### Work instruction
Output begins at the line with "Durum öykücülüğünün Türk" and ends at the last line of the records below. Copy each line in that span exactly, and leave out pictures.
-*-
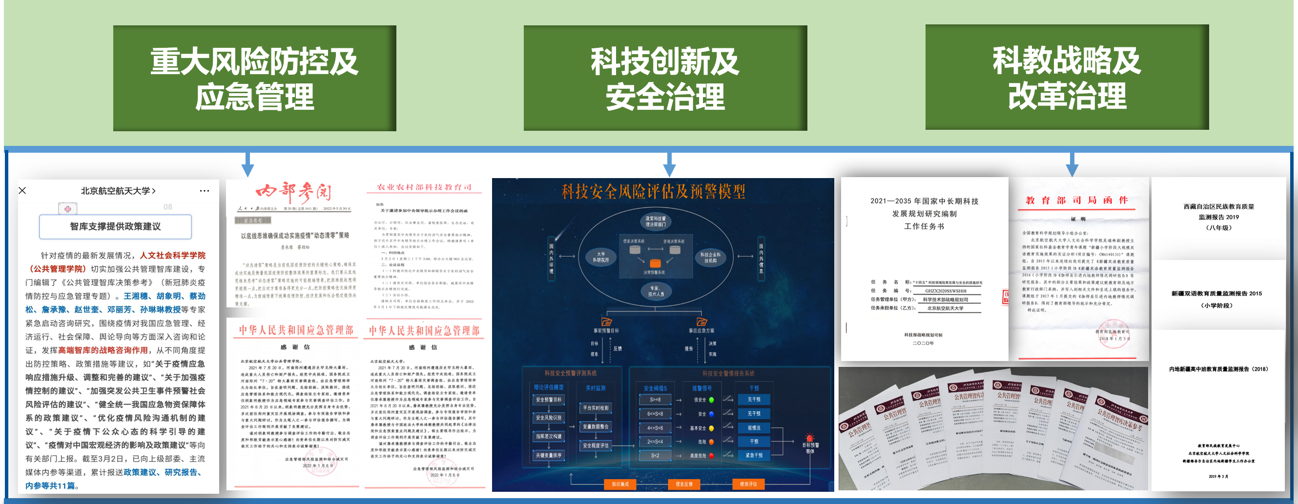 学院聚焦国家治理体系和治理能力现代化战略需求,持续强化有组织的科研创新,研究成果获评高等学校科学研究优秀成果奖(人文社会科学)一等奖1项,实现了北航获国家文科最高等级奖励一等奖“零突破”。近五年,学院还获得全国教育科学研究优秀成果奖、北京市哲学社会科学优秀成果奖、工业和信息化优秀研究成果奖、民政部优秀研究成果奖等重要标志性奖励十余项。获批国家级纵向课题持续增长,其中近三年学院获批国家社科基金重大重点项目、国家自然科学基金重点项目等7项。学院教师发表出版了一大批具有相当学术价值和影响力的论文、专著、译著和研究报告。加强中国特色新型文科智库建设,平均每年向上级提交50余篇资政报告,其中三分之一被中央及省部级领导批示或被采纳。文工交叉科研创新平台矩阵建设取得新进展,新建成的“公共管理系统工程实验室”发挥科教融合、协同育人作用凸显,科研创新迈入内涵发展、跨越提质的新阶段。
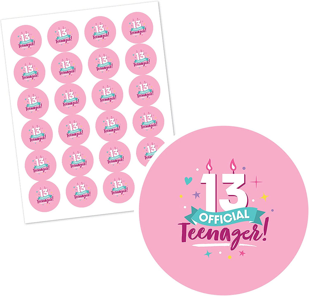 • Girl 13th Birthday Circle Sticker Labels INCLUDES 24 personalized round stickers – perfect for styling adorable birthday party favors, or for sealing invite and thank you envelopes.
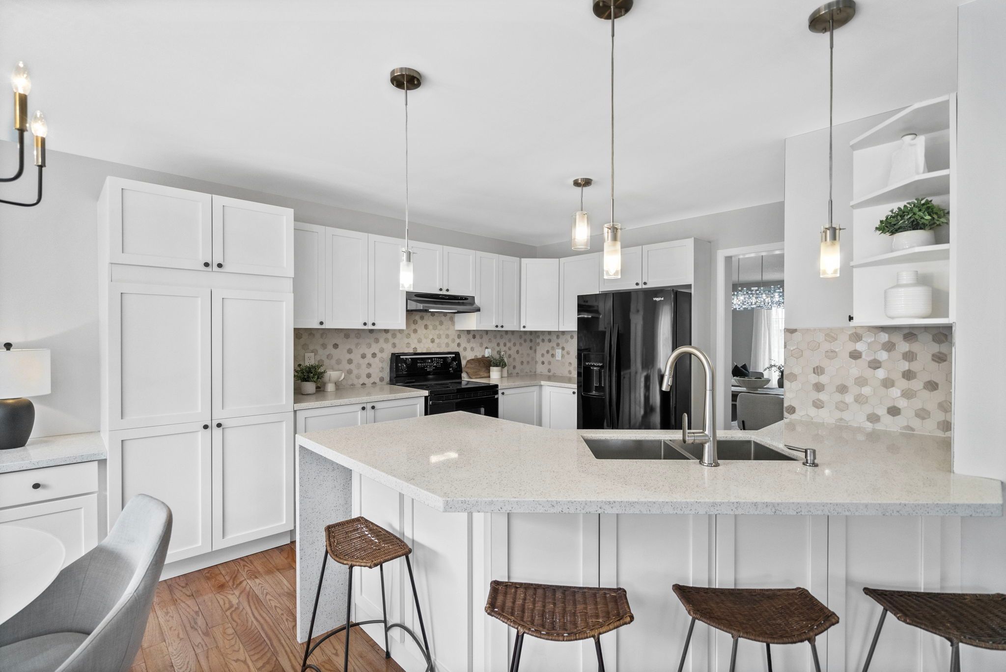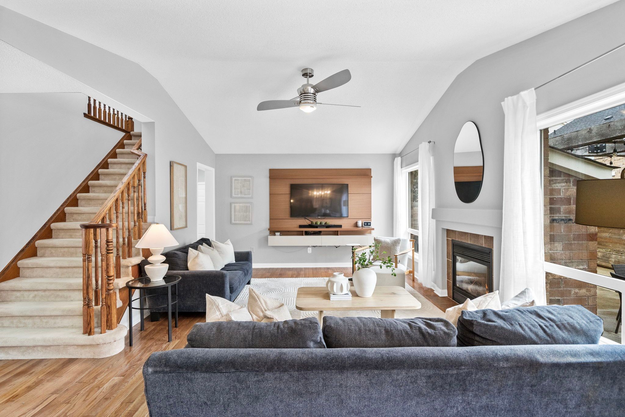 • Bright family room with fireplace and open layout for gatherings.
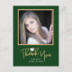Une simple remise de diplômes vous remercie carte postale avec une photo carré accentuée avec une bordure en parties scintillant d'or faux sur un arrière - plan vert émeraude foncé. Le design offre du texte de style manuscrit doré. Le backside offre du texte personnalisé pour votre propre message de remerciement personnel.
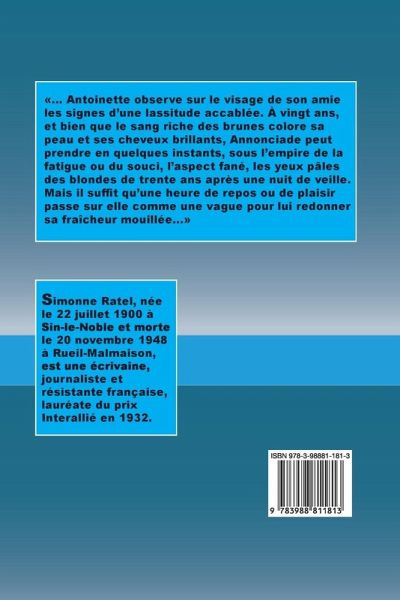 ... Antoinette observe sur le visage de son amie les signes d'une lassitude accablée. À vingt ans, et bien que le sang riche des brunes colore sa peau et ses cheveux brillants, Annonciade peut prendre en quelques instants, sous l'empire de la fatigue ou du souci, l'aspect fané, les yeux pâles des blondes de trente ans après une nuit de veille. Mais il suffit qu'une heure de repos ou de plaisir passe sur elle comme une vague pour lui redonner sa fraîcheur mouillée...
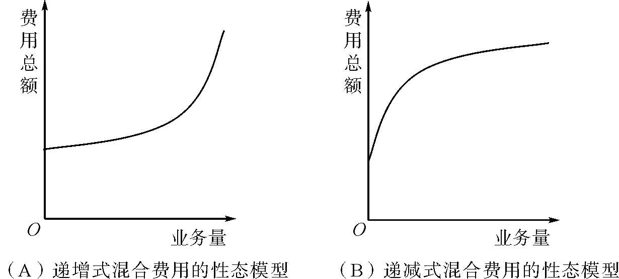 递增型混合费用,其费用的增长幅度随业务量的增长而呈更大幅度变化,成本的斜率呈递增趋势,在平面直角坐标图上表现为一条凹形曲线,如图 2-8 (A)所示。
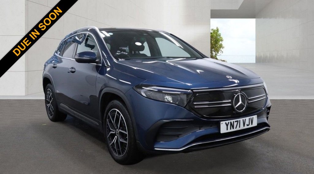 NewquayInsurance Group 38, 1 Previous Owner, Stunning Mercedes EQA with high spec Premium pack inc pan roof, Direct from Mercedes UK with full main dealer history , Superb condition, unto 260 mile range Part Exchange welcome, Competitive Finance packages available, Please contact us by telephone on 01872 510785, or on our websites live chat platform 24hrs a day.....Our office is open 6 Days a week....Monday to Friday 95, Saturday 94, and also on Sundays by prior arranged appointments only...... All our vehicles are prepared and have a new MOT plus they come with a 90 day dealer warranty, and you can upgrade to 1 or 2 years if required. We offer a no hassle friendly service, why not check out our 5 Star google reviews to see what our customers say....plus we are also a member of the Local Trading standards "BUY WITH CONFIDENCE SCHEME",.Stunning car in superb condition , High spec inc Pan roof, reverse camera, , Up to 260 Mile range , Full Mercedes dealer History , Dealer Warranty New MOT, Denim Blue, Artico LeatherDinamica Microfibre Black with Red Contrast Stitching, Heated Front Seats, Electric Panoramic Glass Sunroof, 100kW DC OnBoard Charger, Parking Package with Reversing Camera, 19in Alloy Wheels AMG Light 5Twin Spoke, 10in Digital Instrument Cluster, 10in Digital Media Display, Wireless Charging for Mobile Devices, THERMOTRONIC Automatic Climate Control, 11kW OnBoard Charger, Smartphone Integration, Cruise Control, Seat Comfort Package, ABS AntiLock Braking System, AMG Line Bodystyling, Active Brake Assist, Active Lane Keeping Assist, Active Speed Limit Assist, Airbag Driver, Airbags Kneebag, Airbags Passenger, Ambient Lighting 64 Colours, Black Panel Radiator Grille in a TwinBlade Design in Chrome, CCS2 Connector Combined Charging System Compatible with AC and DC, Charging Cable for Domestic Plug Socket Type G Mode 2 5m, Charging Cable for Wallbox and Public Charging Stations Type 2 Mode 3 5m, Comfort Suspension, DAB Digital Radio, Door Sill Panels Illuminated with EQA Lettering, Double Cupholder, Dynamic Select, EASYPACK Electric Tailgate, EQ Navigation Services, Electric Windows Front, Floor Mats AMG, Front and Rear LED Light Bands, Geofencing, HardDisc Navigation, Headlights Adaptive High Beam Assist, Heat Insulating Dark Tinted Glass, IONITY 1 Year, Interior Lighting Package, Keyless Go Comfort Package, LED High Performance Headlights, Live Traffic Information Free for the First Three Years, MBUX Multimedia System, Mercedes Me Charge 3 Years, MercedesBenz Advanced Sound System 225W, MercedesBenz Emergency Call System, Mirror Package, Notification when Exceeding the Road Speed, Parked Vehicle Locator, Parking Damage and Theft Notification, Pedals Aluminium with Rubber Studs, Power Steering Electric, Programming of Auxiliary Heating Ventilation, Rear Armrest with ThroughLoading Feature, Remote Door Locking and Unlocking, Remote Retrieval of Vehicle Status, Remote Vehicle Finder, Roof Lining Black Fabric, Roof Rails Polished Aluminium, Seats Sports, Send2Car Function, Steering Wheel Galvanised Shift Paddles, Steering Wheel Sports Multifunction in Nappa Leather, Stowage Compartment with Retractable Cover, Stowage Package, Summer Tyres, Surround Lighting with Projection of Brand Logo, TIREFIT, Trim Ligh
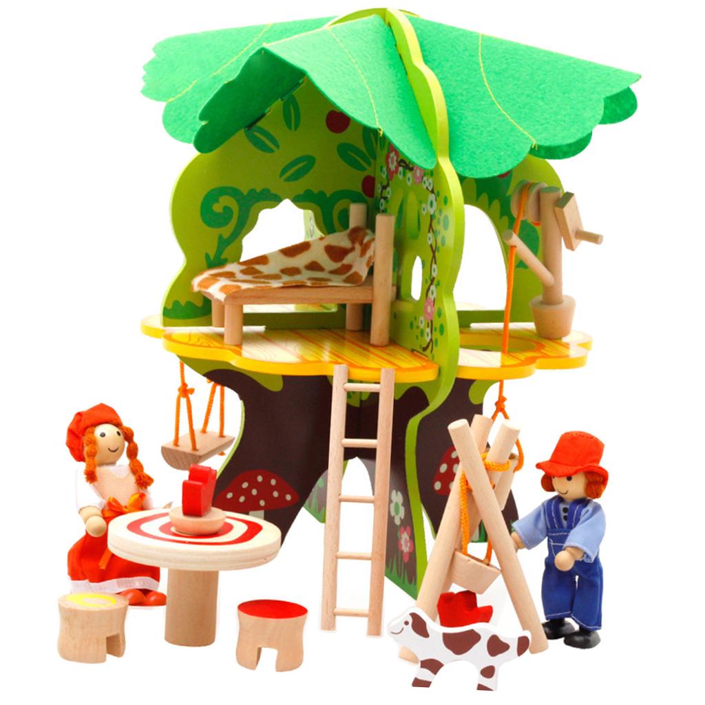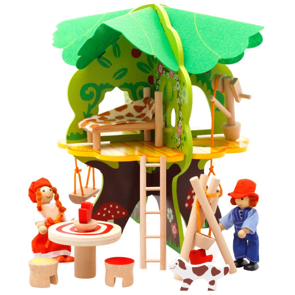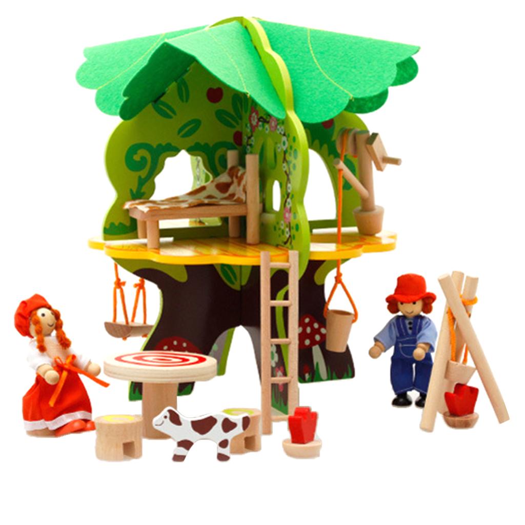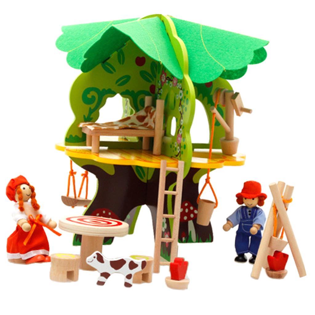 3D DIY wooden dollhouse miniature villa tree house furniture doll figures kits building blocks toy set
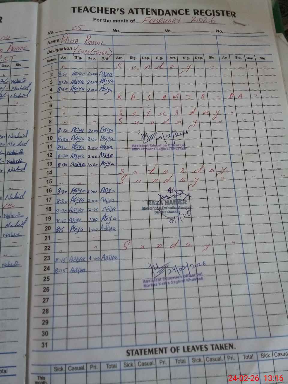 | Name: AS**** BA**** Designation: (School Headmaster's/Headmistress's) PST Phone/Cell Number: 03**** |
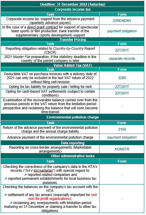 2022 year-end deadlines in Hungarian taxation
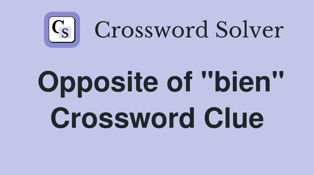 Opposite of quot bien quot Crossword Clue Answers Crossword Solver
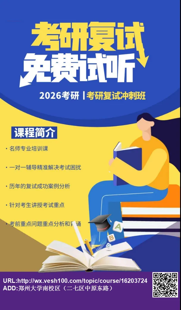 不用再自己熬夜查信息、不用再焦虑无人指导、不用再担心复试发挥失常!现在联系我们,即可免费领取「2026考研复试调剂备考大礼包」(含历年真题、面试题库、时间规划表),同时预约复试班免费试听名额,抢占复试备考先机!
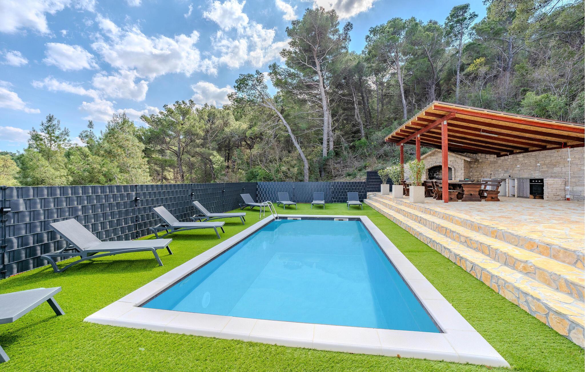Genießen Sie einen wunderbaren Meerblick von der Terrasse dieses Ferienhauses mit Pool.
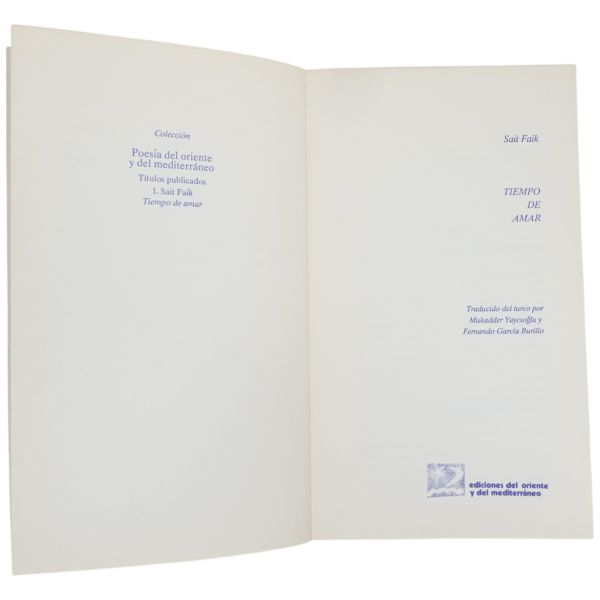 Durum öykücülüğünün Türk edebiyatındaki en önemli temsilcilerinden Sait Faik Abasıyanık´ın Şimdi Sevişme Vakti adlı şiir kitabının İspanyolca´ya çevirisidir.
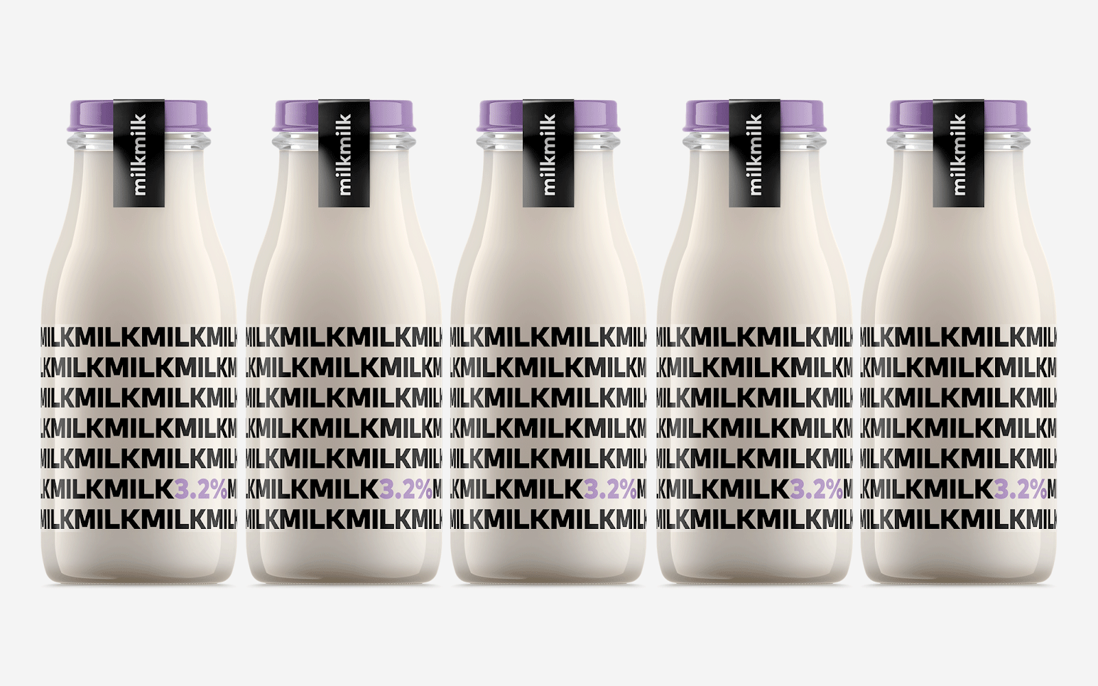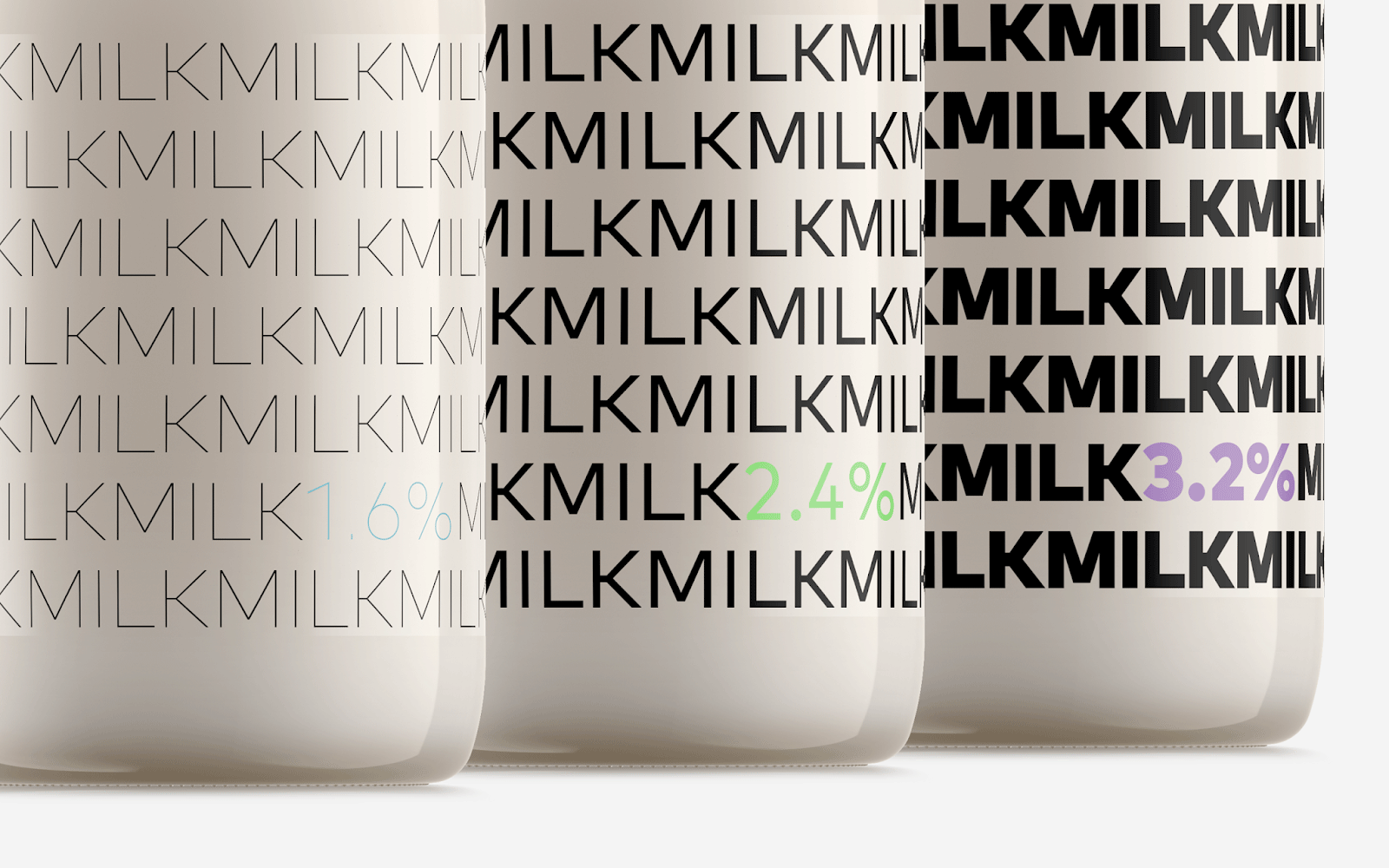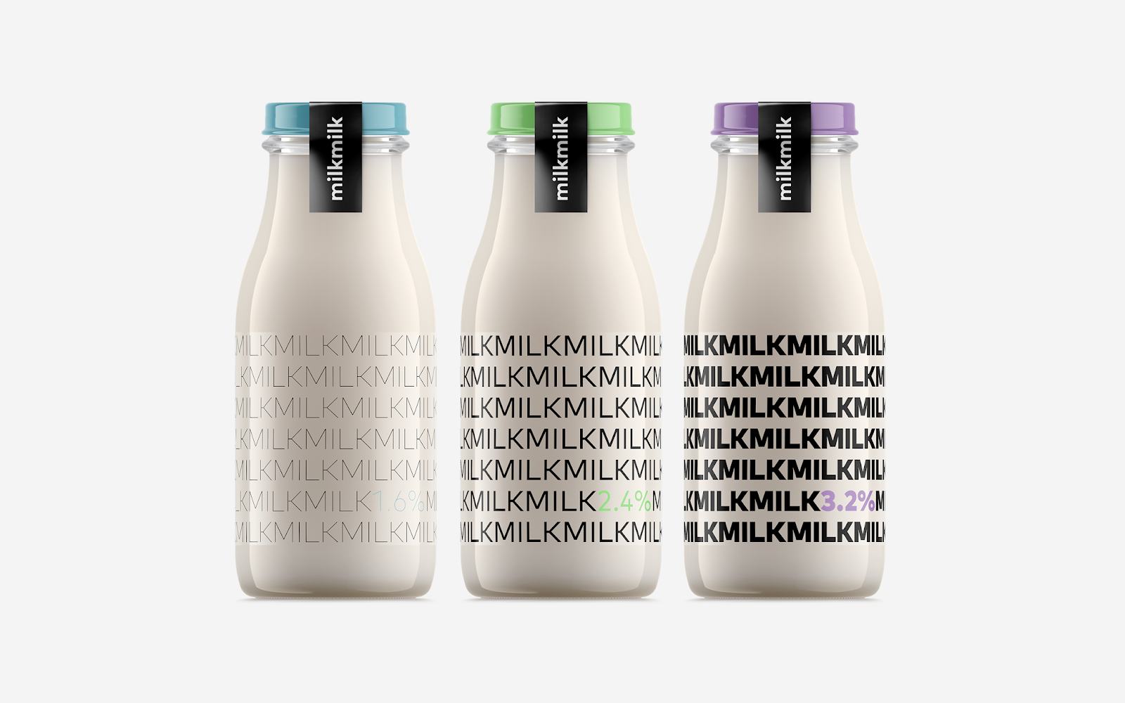 阿塞拜疆設(shè)計(jì)師Rahim Ismayil設(shè)計(jì)的牛奶包裝,設(shè)計(jì)師通過字體粗細(xì)來表現(xiàn)牛奶的脂肪含量。粗體字表示脂肪含量高,而細(xì)體字則表示脂肪含量低。通過瓶蓋顏色和極簡外觀讓人有一種新鮮直觀的感覺。讓人在遠(yuǎn)處看到,想走近拿起來,進(jìn)一步了解情況的沖動(dòng)。
-*-
### Solution to this task
 Durum öykücülüğünün Türk edebiyatındaki en önemli temsilcilerinden Sait Faik Abasıyanık´ın Şimdi Sevişme Vakti adlı şiir kitabının İspanyolca´ya çevirisidir.
 阿塞拜疆設(shè)計(jì)師Rahim Ismayil設(shè)計(jì)的牛奶包裝,設(shè)計(jì)師通過字體粗細(xì)來表現(xiàn)牛奶的脂肪含量。粗體字表示脂肪含量高,而細(xì)體字則表示脂肪含量低。通過瓶蓋顏色和極簡外觀讓人有一種新鮮直觀的感覺。讓人在遠(yuǎn)處看到,想走近拿起來,進(jìn)一步了解情況的沖動(dòng)。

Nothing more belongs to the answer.